“Aravot” says Armenian government officials accuse their opponents of exploiting the 1999 parliament attack for political purposes but they themselves admit that the case has not been solved. The paper cites comments made by Prime Minister Andranik Markarian and other senior officials at the Yerablur military cemetery on Wednesday.
“Haykakan Zhamanak” says Wednesday’s commemorations of the fifth anniversary of the shootings were no different from previous ceremonies. As always, General Manvel Grigorian, the deputy defense minister and a former comrade-in-arms of assassinated Prime Minister Vazgen Sarkisian, hid behind Military Prosecutor Gagik Jahangirian’s back at the sight of journalists. “I’ve told you a thousand times to keep your TV sets away from me,” he is quoted as telling television cameramen. The paper notes that none of the senior officials at Yerablur said the crime has been solved.
“If there is anything that has changed in the last five years, it is the hardening of popular memory,” “Haykakan Zhamanak” continues. “Robert Kocharian used to say that he has a lot to say and will do that when the right moment comes. The trial [of the parliament gunmen] drew to a close but that moment never came.”
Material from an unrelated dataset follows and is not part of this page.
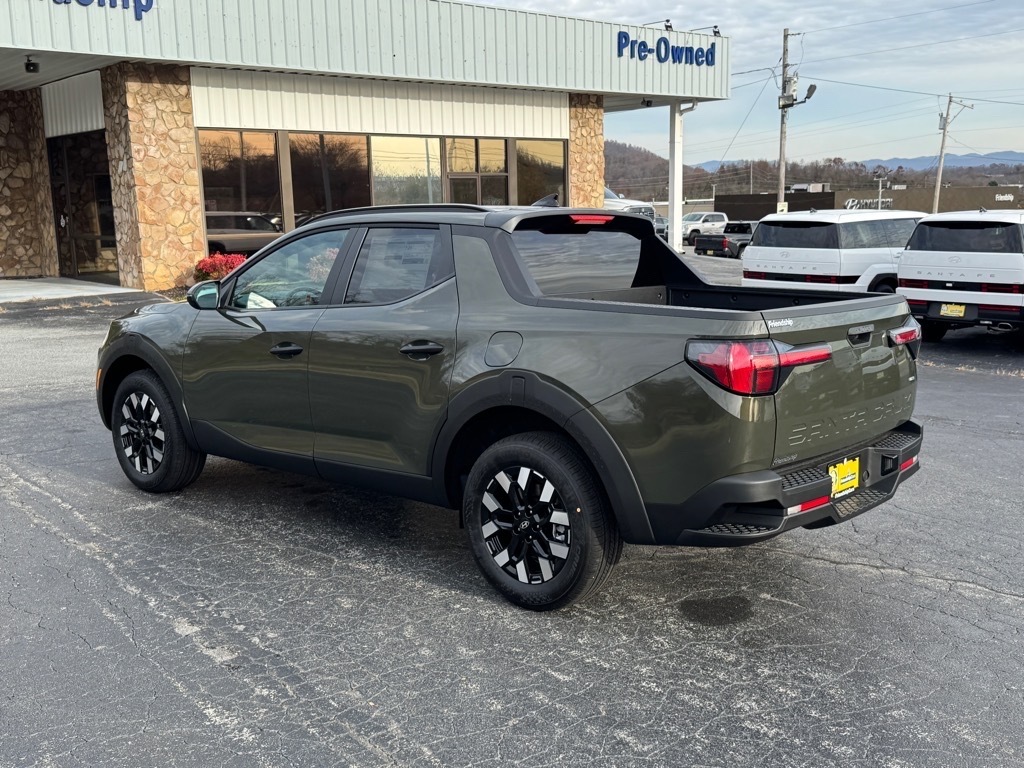 INFORMATION ABOUT THIS VEHICLE AND IT FEATURES:. Option Group 01, 18x 7.5J Alloy Wheels, 4-Wheel Disc Brakes, 4.081 Axle Ratio, 6 Speakers, ABS brakes, Air Conditioning, Alloy wheels, AM/FM radio: SiriusXM, Apple CarPlay & Android Auto, Auto High-beam Headlights, Auto-leveling suspension, Automatic temperature control, Bed Cargo Net, Brake assist, Bumpers: body-color, Camera Mount, Cargo Net, Carpeted Floor Mats, Compass, Delay-off headlights, Driver door bin, Driver vanity mirror, Dual front impact airbags, Dual front side impact airbags, Electronic Stability Control, Emergency communication system: Bluelink , Exterior Parking Camera Rear, Fender Flares, First Aid Kit, Four wheel independent suspension, Front anti-roll bar, Front Bucket Seats, Front Center Armrest, Front dual zone A/C, Front reading lights, Fully automatic headlights, H-Tex Leatherette Seat Trim, Heated door mirrors, Heated Front Bucket Seats, Heated front seats, Illuminated entry, Low tire pressure warning, Occupant sensing airbag, Outside temperature display, Overhead airbag, Overhead console, Panic alarm, Passenger door bin, Passenger vanity mirror, Power door mirrors, Power driver seat, Power steering, Power windows, Radio data system, Radio: AM/FM/HD Audio System, Rear anti-roll bar, Rear reading lights, Rear side impact airbag, Rear step bumper, Rear window defroster, Remote keyless entry, Security system, Speed control, Speed-sensing steering, Split folding rear seat, Spoiler, Steering wheel mounted audio controls, Tachometer, Telescoping steering wheel, Tilt steering wheel, Traction control, Trip computer, Turn signal indicator mirrors, and Variably intermittent wipers. Rockwood Green 2026 Hyundai Santa Cruz SEL AWD 8-Speed Automatic with SHIFTRONIC 2.5L I4 21/29 City/Highway MPG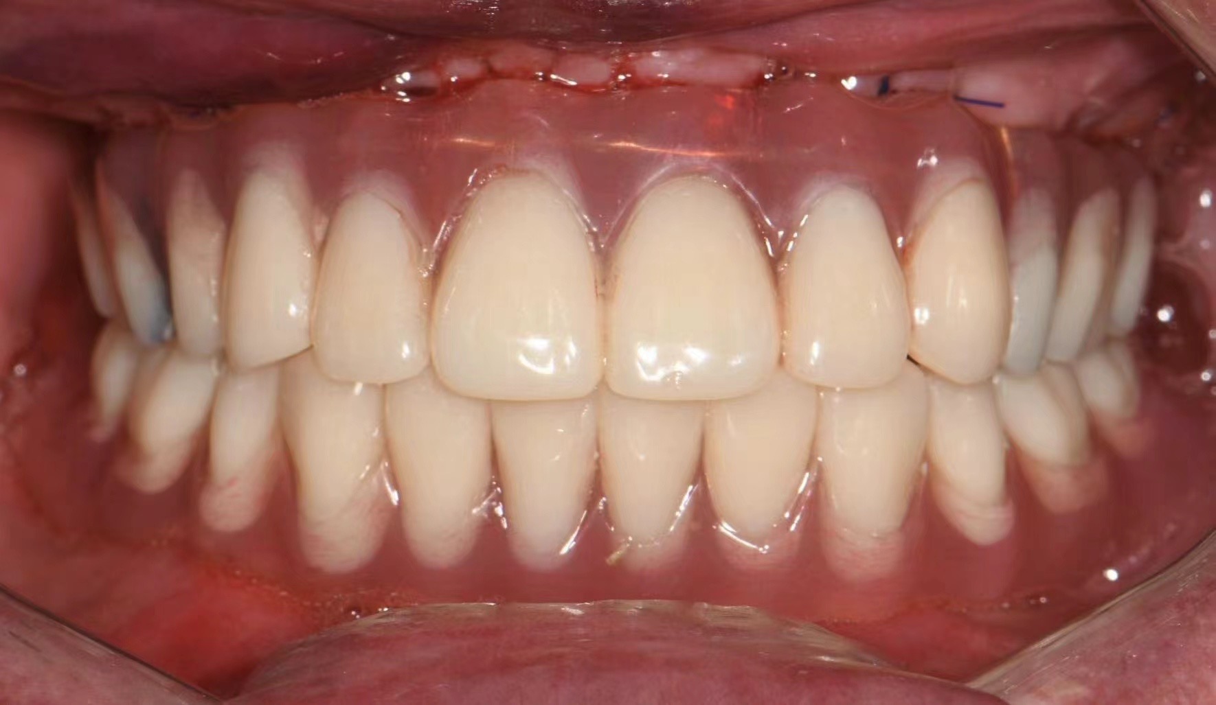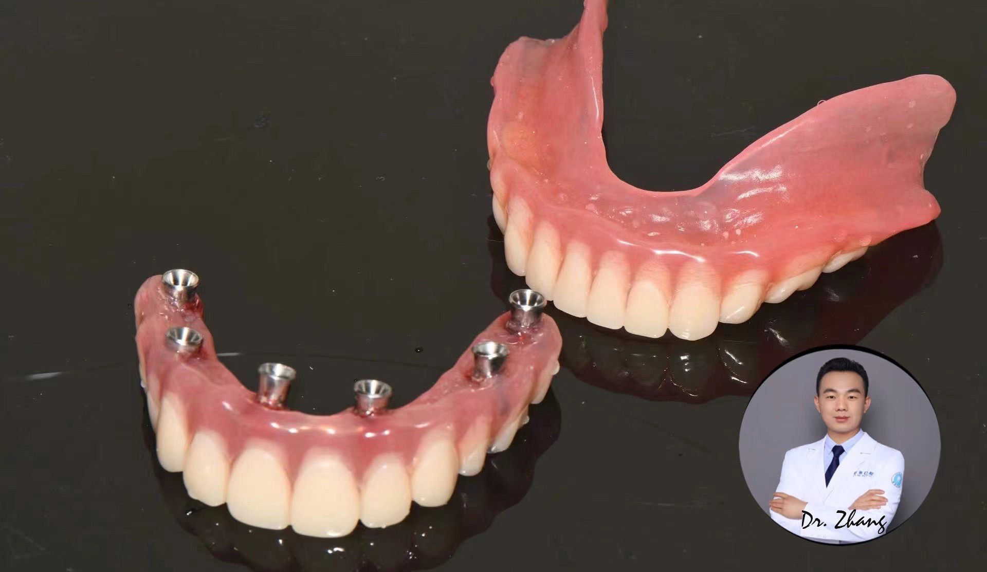 After the surgery, CDT Mr. Tao made this implant immediate dentures for the patient. So the patient can have his temporary teeth while the real job making.

“It turns out that everybody had something to say [on the October 27 case] as if we were talking about their private life,” the lawyer for the late Karen Demirchian’s family, Ashot Sargsian, tells “168 Zham.” “Many were not interrogated at all.” Sargsian dismisses as untrue prosecutors’ claims that they continue to look for possible masterminds. “We are not waiting until the current authorities quit to say that we suspect them of involvement in the [October] 27 crime. We are loudly saying that now,” he adds.
“Hayots Ashkhar” says the opposition Artarutyun alliance is now following an even tougher line on the government than during the 2003 presidential race when it was attracting a much larger following. The paper again claims that the opposition is manipulated by foreign powers seeking more Armenian concessions on Nagorno-Karabakh. One of the ways of achieving that is to form a “defeatist opposition” in Armenia.
In an interview with “Haykakan Zhamanak,” the British ambassador to Armenia, Thorda Abbott-Watt says she sees no weakening of Armenia’s bargaining position in Karabakh peace talks which is claimed by opposition leaders. She says both Armenia and Azerbaijan should make “difficult decisions” to resolve their conflict. “Nobody can get everything it wants,” she says.
“Haykakan Zhamanak” makes the point in a separate comment that that Turkey’s membership in the European Union would be good for Armenia. “If we share the view that Turkey is indeed a hostile state and a potential threat to Armenia, we must be even more interested in that country’s membership in the EU,” writes the paper. An EU member Turkey would be even less likely invade Armenia. “And perhaps it is the Turkey’s accession talks with the EU that is our main safeguard against the resumption of the war with Azerbaijan.”